◆ EXERCISE DIRECTIONS ◆
The copy you give must match the listing below exactly and contain no pictures.

◆ DATA BLOCK ◆
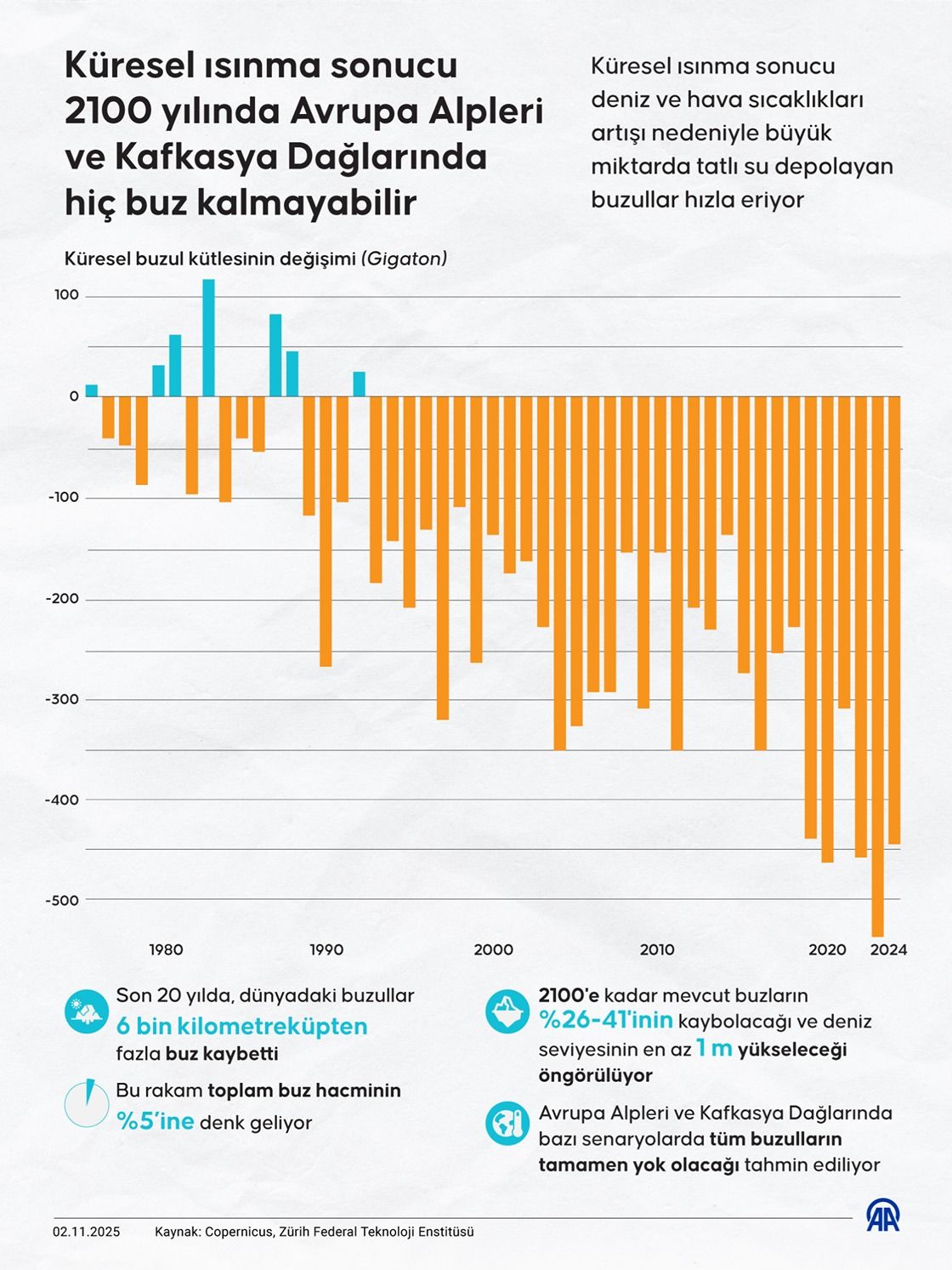 Özellikle son 20 yılda buzulların erime hızının yüzde 36 arttığı belirtilen açıklamada, buzulların iklim değişikliklerine uyum sağlamakta zorlandığı ve erime hızının hızlanarak devam ettiği vurgulanmıştır.
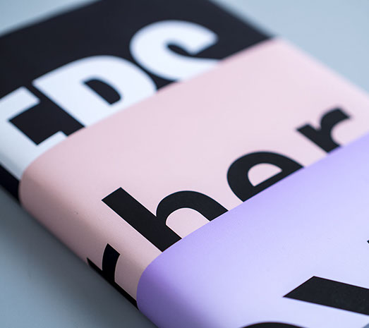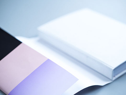 The dust jacket is also the poster for my bachelor project. The main cover is white with a blind embossment. The book is bound as a Swiss Brochure and has a bag in the inside which offers space for the postcards and the poster I made for the project.
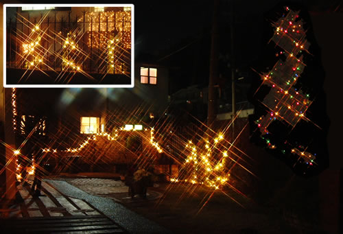 今年は玄関前の壁やモニュメントにも電飾をしてみました。シンボルツリーにはミックスカラーでおめかし♪
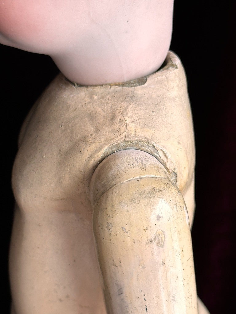 Very beautiful boy with working sleepy eyes. The wig is original and was a little unglued at the back, so the head was stuffed with tissue paper for protection. The bisque has no damage, no cracks, chips, or hairlines. The eyelashes are a little worn.

◆ RESPONSE BOX ◆
 Özellikle son 20 yılda buzulların erime hızının yüzde 36 arttığı belirtilen açıklamada, buzulların iklim değişikliklerine uyum sağlamakta zorlandığı ve erime hızının hızlanarak devam ettiği vurgulanmıştır.
 The dust jacket is also the poster for my bachelor project. The main cover is white with a blind embossment. The book is bound as a Swiss Brochure and has a bag in the inside which offers space for the postcards and the poster I made for the project.
 今年は玄関前の壁やモニュメントにも電飾をしてみました。シンボルツリーにはミックスカラーでおめかし♪
 Very beautiful boy with working sleepy eyes. The wig is original and was a little unglued at the back, so the head was stuffed with tissue paper for protection. The bisque has no damage, no cracks, chips, or hairlines. The eyelashes are a little worn.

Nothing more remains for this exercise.